TASK DESCRIPTION:
Would you copy the listing below exactly, keeping the pictures out?

DATASET EXCERPT:
=== Section Start ===
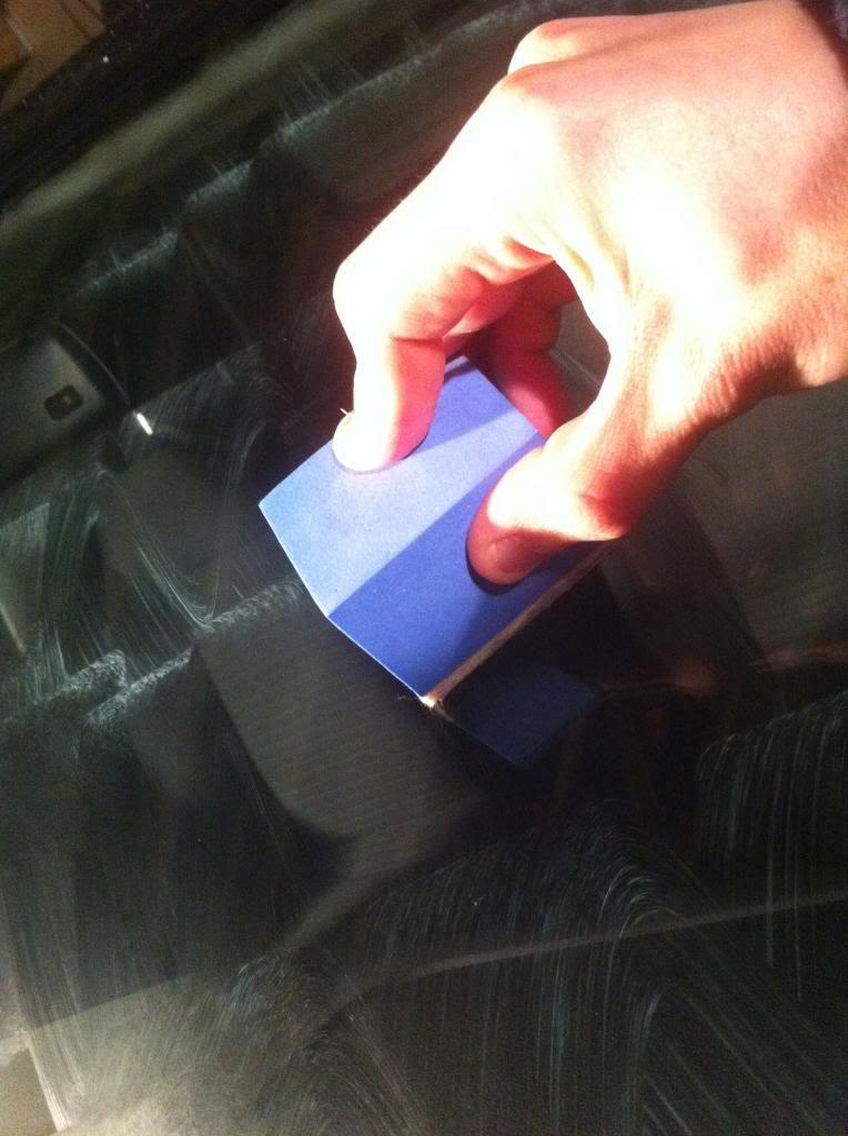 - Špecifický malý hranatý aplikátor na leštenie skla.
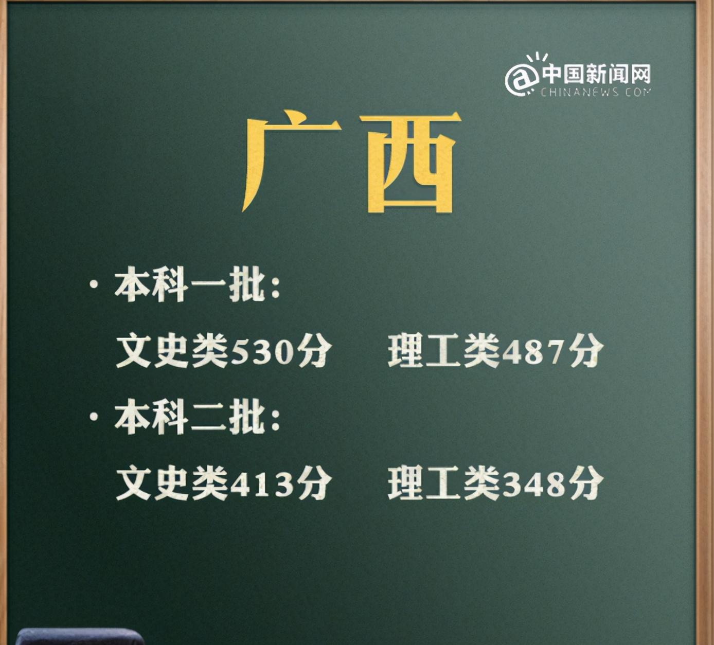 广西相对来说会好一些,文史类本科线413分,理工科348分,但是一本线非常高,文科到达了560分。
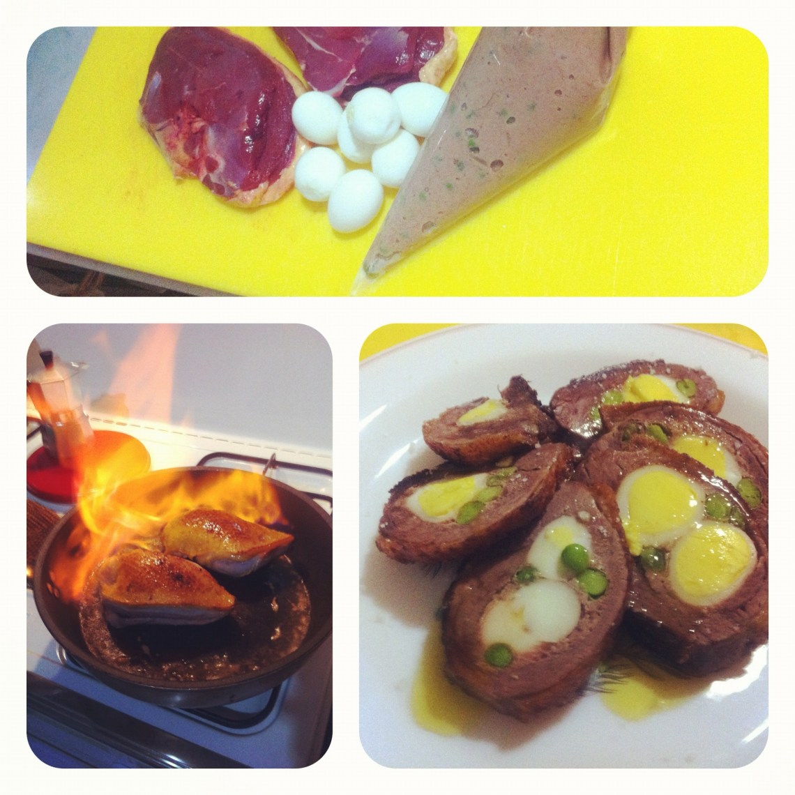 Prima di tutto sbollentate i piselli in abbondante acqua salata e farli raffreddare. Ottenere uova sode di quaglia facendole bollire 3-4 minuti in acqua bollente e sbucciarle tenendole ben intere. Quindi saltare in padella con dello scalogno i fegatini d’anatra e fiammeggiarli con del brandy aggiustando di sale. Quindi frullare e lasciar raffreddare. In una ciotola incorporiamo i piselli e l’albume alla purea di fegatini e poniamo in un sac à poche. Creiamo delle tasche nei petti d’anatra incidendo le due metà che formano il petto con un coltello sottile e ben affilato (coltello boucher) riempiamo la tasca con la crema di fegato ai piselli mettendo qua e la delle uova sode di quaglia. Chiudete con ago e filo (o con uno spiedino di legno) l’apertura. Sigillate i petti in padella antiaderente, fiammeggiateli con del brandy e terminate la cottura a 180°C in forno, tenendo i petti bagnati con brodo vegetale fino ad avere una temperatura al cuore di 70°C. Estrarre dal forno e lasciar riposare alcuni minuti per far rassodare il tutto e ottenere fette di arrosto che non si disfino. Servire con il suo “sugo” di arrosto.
=== Section End ===
YOUR RESPONSE:
 - Špecifický malý hranatý aplikátor na leštenie skla.
 广西相对来说会好一些,文史类本科线413分,理工科348分,但是一本线非常高,文科到达了560分。
 Prima di tutto sbollentate i piselli in abbondante acqua salata e farli raffreddare. Ottenere uova sode di quaglia facendole bollire 3-4 minuti in acqua bollente e sbucciarle tenendole ben intere. Quindi saltare in padella con dello scalogno i fegatini d’anatra e fiammeggiarli con del brandy aggiustando di sale. Quindi frullare e lasciar raffreddare. In una ciotola incorporiamo i piselli e l’albume alla purea di fegatini e poniamo in un sac à poche. Creiamo delle tasche nei petti d’anatra incidendo le due metà che formano il petto con un coltello sottile e ben affilato (coltello boucher) riempiamo la tasca con la crema di fegato ai piselli mettendo qua e la delle uova sode di quaglia. Chiudete con ago e filo (o con uno spiedino di legno) l’apertura. Sigillate i petti in padella antiaderente, fiammeggiateli con del brandy e terminate la cottura a 180°C in forno, tenendo i petti bagnati con brodo vegetale fino ad avere una temperatura al cuore di 70°C. Estrarre dal forno e lasciar riposare alcuni minuti per far rassodare il tutto e ottenere fette di arrosto che non si disfino. Servire con il suo “sugo” di arrosto.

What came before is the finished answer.